#### [Exercise data]
● ● ● ● ●

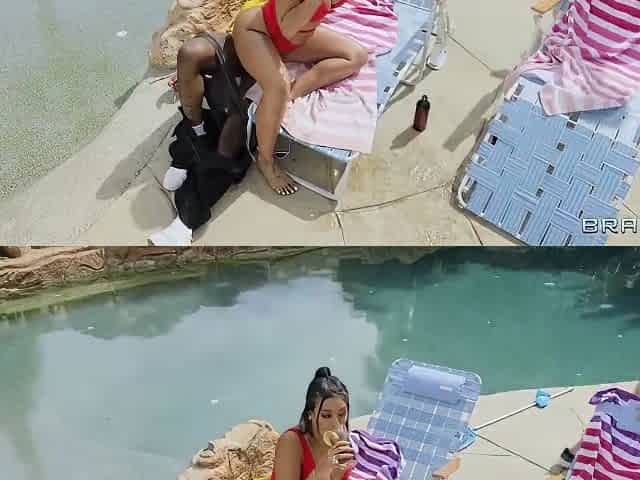 Sexy Chocolate Babe Masturbates And Fucks Lucky Stud By The Pool
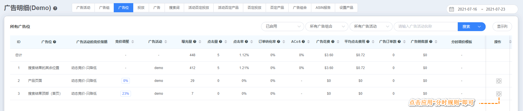 如需为广告位应用“分时调价规则”,可点击对应功能图标进行操作。
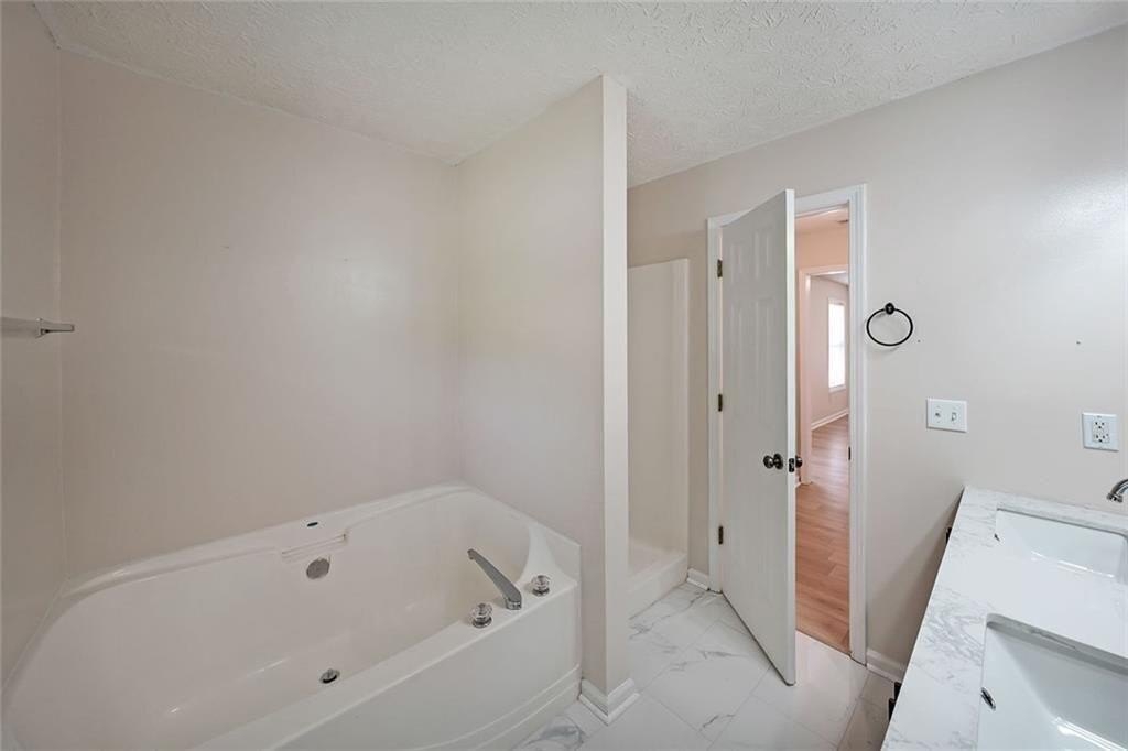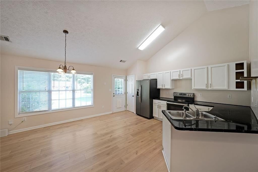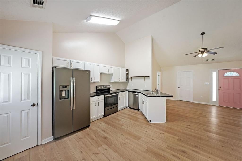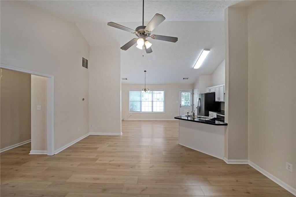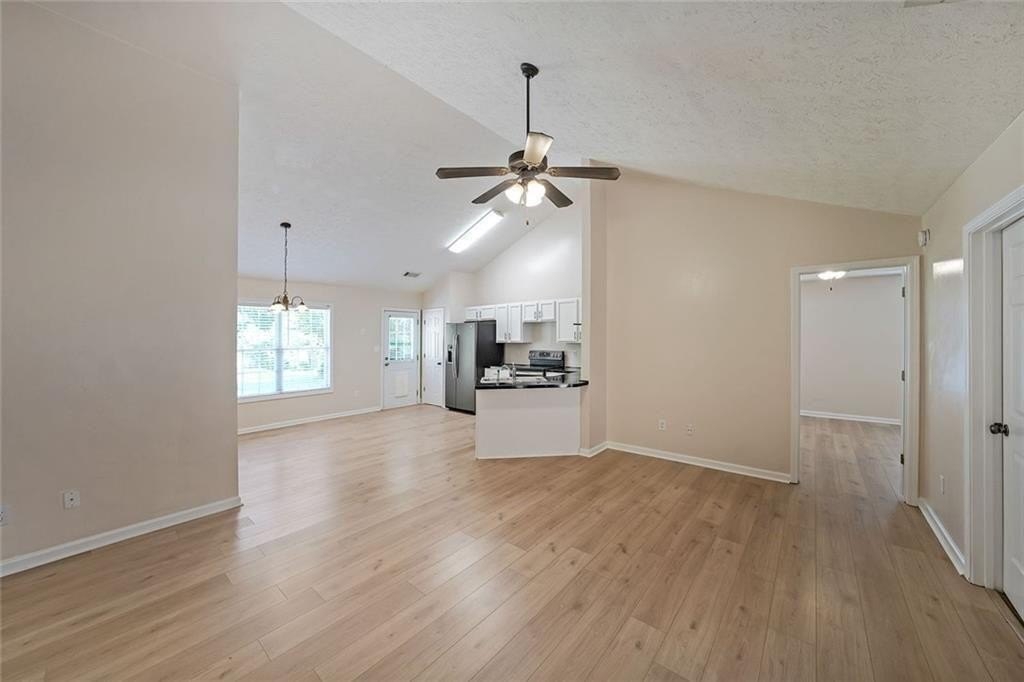 Nestled at 567 Marshall Fuller Road, Dallas, GA, this residential property in Paulding County presents an attractive opportunity to own a home in great condition. The living room stands as a testament to spacious design, graced with a high ceiling that amplifies the sense of openness, further enhanced by a vaulted ceiling that draws the eye upward. This space offers a wonderful canvas for creating a comfortable and inviting atmosphere. The kitchen features shaker cabinets that complement the style, while the kitchen peninsula extends the counter space and creates a natural gathering point. A kitchen bar offers additional seating and a casual dining option. The bedroom provides a personal retreat, enhanced by a tray ceiling that adds an architectural touch. An ensuite bathroom offers convenience and privacy, featuring a double vanity that provides ample space. Beyond the home itself, the woods view creates a private and peaceful setting, offering a serene backdrop. The open floor plan enhances the sense of space and connectivity throughout the home. This 1674 square foot residence, built in 2004, provides a blend of comfort and style that is ready for you to move in.

● ● ● ● ●

#### [What you are asked to do]
The data should be printed again unchanged; leave its pictures out.

#### [Expected answer]
 Sexy Chocolate Babe Masturbates And Fucks Lucky Stud By The Pool
 如需为广告位应用“分时调价规则”,可点击对应功能图标进行操作。
 Nestled at 567 Marshall Fuller Road, Dallas, GA, this residential property in Paulding County presents an attractive opportunity to own a home in great condition. The living room stands as a testament to spacious design, graced with a high ceiling that amplifies the sense of openness, further enhanced by a vaulted ceiling that draws the eye upward. This space offers a wonderful canvas for creating a comfortable and inviting atmosphere. The kitchen features shaker cabinets that complement the style, while the kitchen peninsula extends the counter space and creates a natural gathering point. A kitchen bar offers additional seating and a casual dining option. The bedroom provides a personal retreat, enhanced by a tray ceiling that adds an architectural touch. An ensuite bathroom offers convenience and privacy, featuring a double vanity that provides ample space. Beyond the home itself, the woods view creates a private and peaceful setting, offering a serene backdrop. The open floor plan enhances the sense of space and connectivity throughout the home. This 1674 square foot residence, built in 2004, provides a blend of comfort and style that is ready for you to move in.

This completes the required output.